Q. So you began suffering pain during the time he was cutting the cast off?
A. Yes.
Q. And that is somewhere around April of 1972?
A. Yes.
Q. And did he say anything else to you during the removal of this cast?
A. He had to try to fit the brace on my hand and it was the right hand brace that I had used on the right hand and instead of him adjusting the brace first and then trying it to my hand, he put it on my hand and held the brace and grabbed right above the prosthesis and tried to fit the brace on my hand.
Q. Did that cause you to suffer pain?
A. Yes, it sure did.
Q. Did you tell him about the pain you were suffering?
A. Yes, I did. He kept right on going.
Q. Was it from that time on that you had difficulty with your middle fingers?
A. Yes.
Q. Were you suffering pain in your other fingers in your left hand from that time?

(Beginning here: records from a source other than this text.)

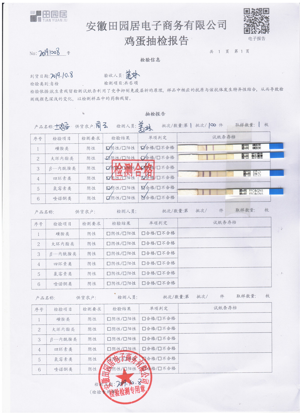 2019年10月8日鸡蛋自检报告
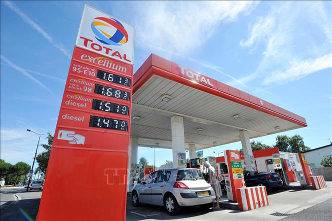 Một cửa hàng bán xăng ở Saint-Herblain, thành phố miền Tây Pháp. Ảnh: AFP/TTXVN
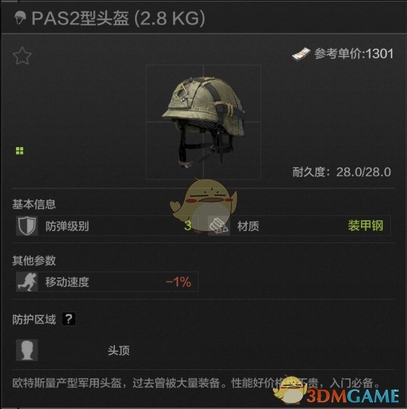 28耐久,头顶防护,高贵的装甲钢材质,比起前两个二级头更推荐PAS2,因为这头盔在市场买可能很便宜。
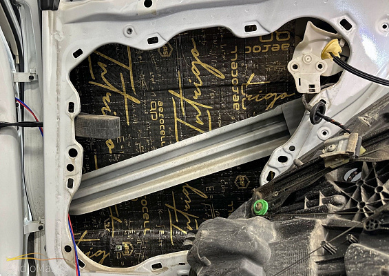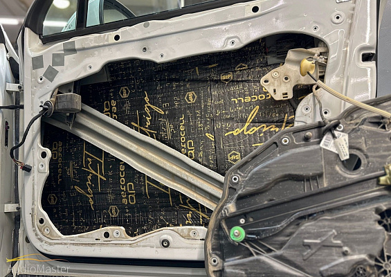 И произвели шумоизоляцию 4-х дверей, на внутреннюю часть двери нанесли StP Aerocell QP Intrigo 6mm, дверные обшивки обработаны STP Biplast 15 Wave.

A. From that time but not too much before.
(Emphasis added).
* * *
Larson had no foreknowledge of the Pope brace, I was to wear, and proceeded to try to fit it to my hand, squeezing the part where the implants are. When he removed the cast, my little finger and index finger had rotated on the shaft. At the stub of the ulna, I kept complaining and he wouldn‘t examine it.
The record contains further evidence of claimant‘s awareness from the very beginning of the problems which form the basis of her claim, but for the purposes of this dissent, I see no need to further pursue those details. Within two years of claimant‘s last VA treatment, claimant also consulted her private physician about these complaints.
I would affirm as being barred by the statute of limitations.